第12号 主要病害虫の生態と防除シリーズ もち病

鹿児島県経済連・肥料農薬課

発生と防除のポイント
本県では発生は少ないが、最近梅雨期の二番茶期に発生がみられることがある。二番茶芽生育期と秋芽生育期に雨天が続き、多湿条件の時に発生する。生育中の柔らかい新葉にのみ感染し、10~14日で典型的なもち状病斑を形成するため摘採葉に病葉が混入し、製茶品質へ影響する。病原菌担胞子は高湿度条件で形成され、飛散し、感染する。  薬剤防除は新芽萌芽~生育初期に行うが、炭疽病などと同時防除がすすめられている。

発生生態

●病原菌の種類

糸状菌・担子菌類 (エクソバシディウム ベクサンス)

●発生の状況

山間地・河川流域など局地的発生  被害中

●病徴と診断

新葉裏面に餅状に膨らんだ円形の白色病斑を生じる。病斑の表面は光沢のある淡黄色病斑である。 
古くなった病斑は黒変壊死する。

●被害の様子

摘採葉に被害葉が混入すると品質に影響し、多発した病葉混入で商品価値が低下する。
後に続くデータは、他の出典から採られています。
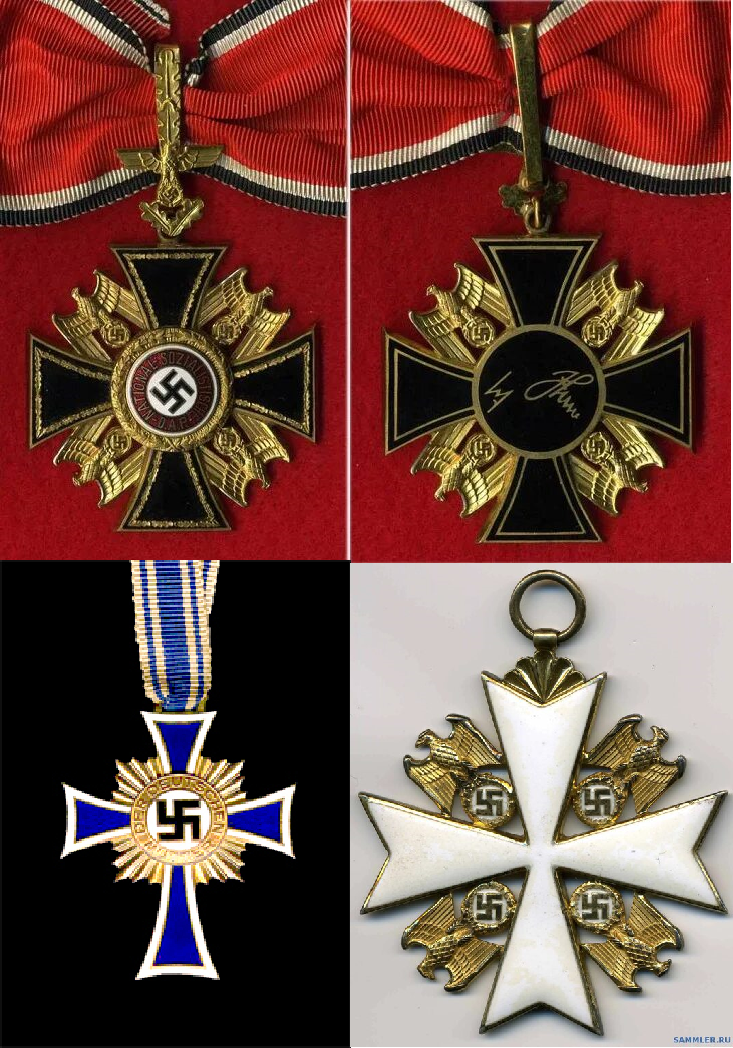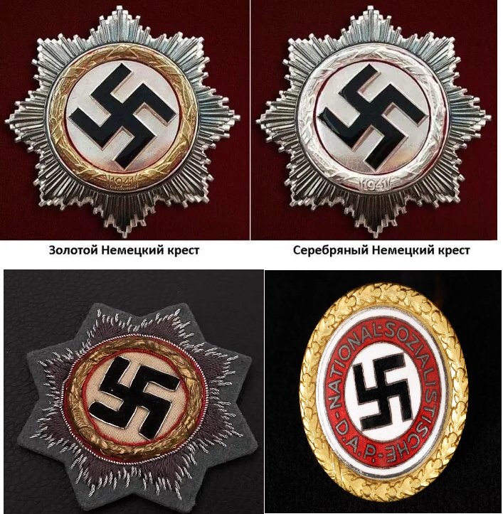 Немецкий крест - награда для тех кто уже имеет железный крест 1 класса, но на Рыцарскую степень Железного креста еще не наишачил. Имел 2 степени в серебре и золоте, в вермахте его называли "партийный значок для близоруких" или "яичницей гитлера", второе прозвище появилось в связи с тем, что данный орден в полевых условиях предложили заменять тряпичной нашивной копией, которая выглядела как коррупция убожество.
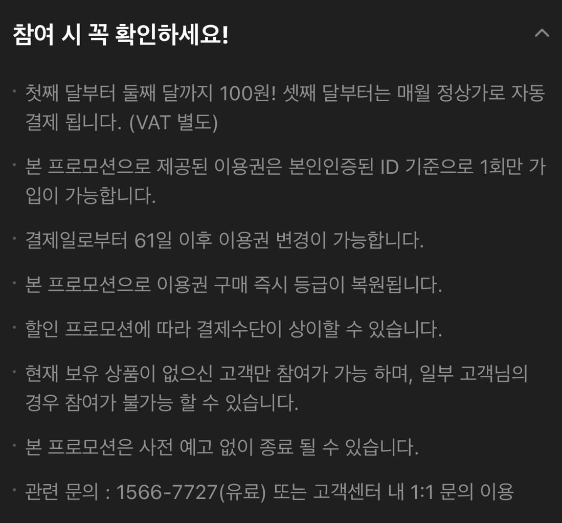 결국 100원 이용권을 이용하게 된다면 셋째 달까지는 사용해야 하며 마지막 달은 정상가로 이용하셔야 합니다. 하지만 그렇다고 하더라도 두 달은 100원으로 이용할 수 있기 때문에 메리트가 크다고 할 수 있습니다. 또한 100원 이용권 사용 중에 다른 이용권으로 변경하거나 해지할 경우 이후부터 더 이상 할인 혜택이 주어지지 않습니다.

秋芽への多発では、樹勢に影響し、一番茶の収量が低下する。

●病原菌の性質

発育適温:16~20℃  全寄生菌
発育湿度:多湿条件を好み、担胞子形成・飛散・発芽に99%以上の高湿度条件が必要
菌の性質:全寄生菌(生きた作物内でのみ生息) 
     古くなり黒変壊死した病斑には担胞子は形成されない

●伝染方法

越冬:秋期に担胞子が越冬芽に潜入・付着した状態で
発生様式:越冬芽に付着した越冬担胞子→翌春、新芽生育に伴い感染発病
     この一番茶病斑から高湿度条件で担胞子が飛散し
     → 二番茶新芽へ伝染(茶芽潜入)発病 → 秋まで伝染・発病を繰返す
伝染:高湿度条件で担胞子が空気中を飛散・伝搬
感染:高湿度条件で担胞子が発芽し、新芽・新葉に侵入・感染

●潜伏期間

約10日で初期病斑を生ず

●発生消長

主に、二番茶期、秋芽生育期に発生し、冷夏の年は三番茶期にも発生する。

●発病条件

新芽生育期に降雨が多く、湿潤な日が続くと多発生する。
山間地、河川流域、山陰の陰湿な場所の茶園で常発するところがある。窒素質肥料過用など樹勢旺盛園で発生しやすい。
品種と発生:「くらさわ」「するがわせ」「やぶきた」は発生しやすい。

防除方法

●防除のポイント

① 常発園は、二番茶萌芽~1葉期と秋芽の萌芽~3葉期に薬剤防除する。
② 常発園や前年秋多発園では一番茶萌芽前に銅剤を散布し、越冬芽に
付着している菌を殺し、防除する。 
③ 窒素肥料の加用を避け、日当たり、通風を良くする。
④ 本病に対してはDMI剤、銅水和剤の効果が高いので効果的に使用する。